Honister Pass

In Saturday's Guardian Simon Jenkins wrote an article entitled "a zip wire for the Lake District is nothing short of vandalism". He said:

"The Honister Pass, from Borrowdale to Buttermere, links the two loveliest places in England. It is a ravine of exquisite ruggedness, a retreat from the crowds of Windermere and Keswick. In the national gallery of scenery, Honister is the Mona Lisa. To whom does this beauty belong? The answer is supposedly to us all, guarded by the Lake District National Park.
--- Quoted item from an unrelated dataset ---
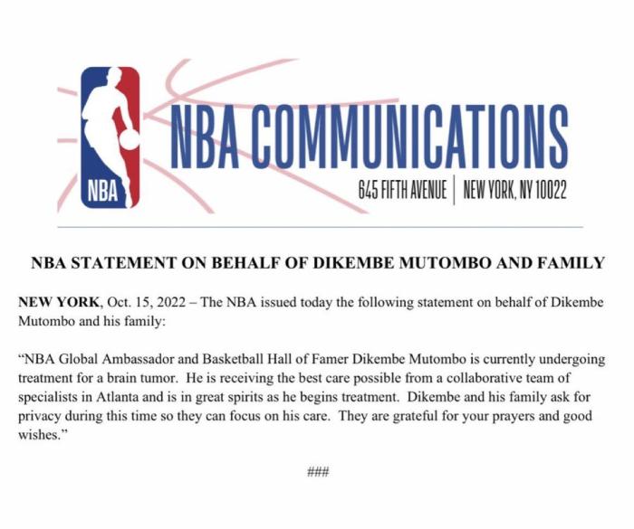 NBA官方声明:穆托姆博正在亚特兰大接受脑瘤治疗,他的精神状态很好,他和他的家人要求在这段时间保持隐私,这样他们可以集中精力照顾他。感谢你们的祝福和祈祷。

But it is claimed by a company that, it appears, wishes to exploit the existing slate mine at the pass’s summit with a kilometre-long zip wire down one side of it. The structure would be on the slopes of Fleetwith Pike, in the heart of wildest Cumbria, backing on to Pillar and Scafell and looking across to Dale Head and the Cat Bells ridge."


I was totally horrifed to read the article and shudder at the lengths some businesses will go to in order to maximise profits but I was thrilled to see that Simon Jenkins quoted one of my favourite writers, people and poets: Canon Hardwicke Rawnsley:

"In the 1880s a local vicar, Canon Hardwicke Rawnsley, pleaded with parliament not to allow the same mine to drive a railway up from Derwentwater into the same pass. He said that the owners would “damage irretrievably the health, rest and pleasure of their fellow countrymen, in order that they may put a few more shillings … into their private pockets”. Then, parliament got the point and refused the railway. Will it do so now?"

In his Sonnets at the English Lakes Rawnsley wrote in protest against the "sordid fee" asked for enjoying "God's gift to all". The sonnet "Stock Ghyll: Barred" poses:

                 shall craven men allow
Desire of pelf and individual greed
To bar the gate and ask a sordid fee,

To tax the wondering eye that comes to see,
Take mean advantage of a brother's need,
And claim a toll for Nature's public show?

It seems the issues are the same today as more than a hundred years ago.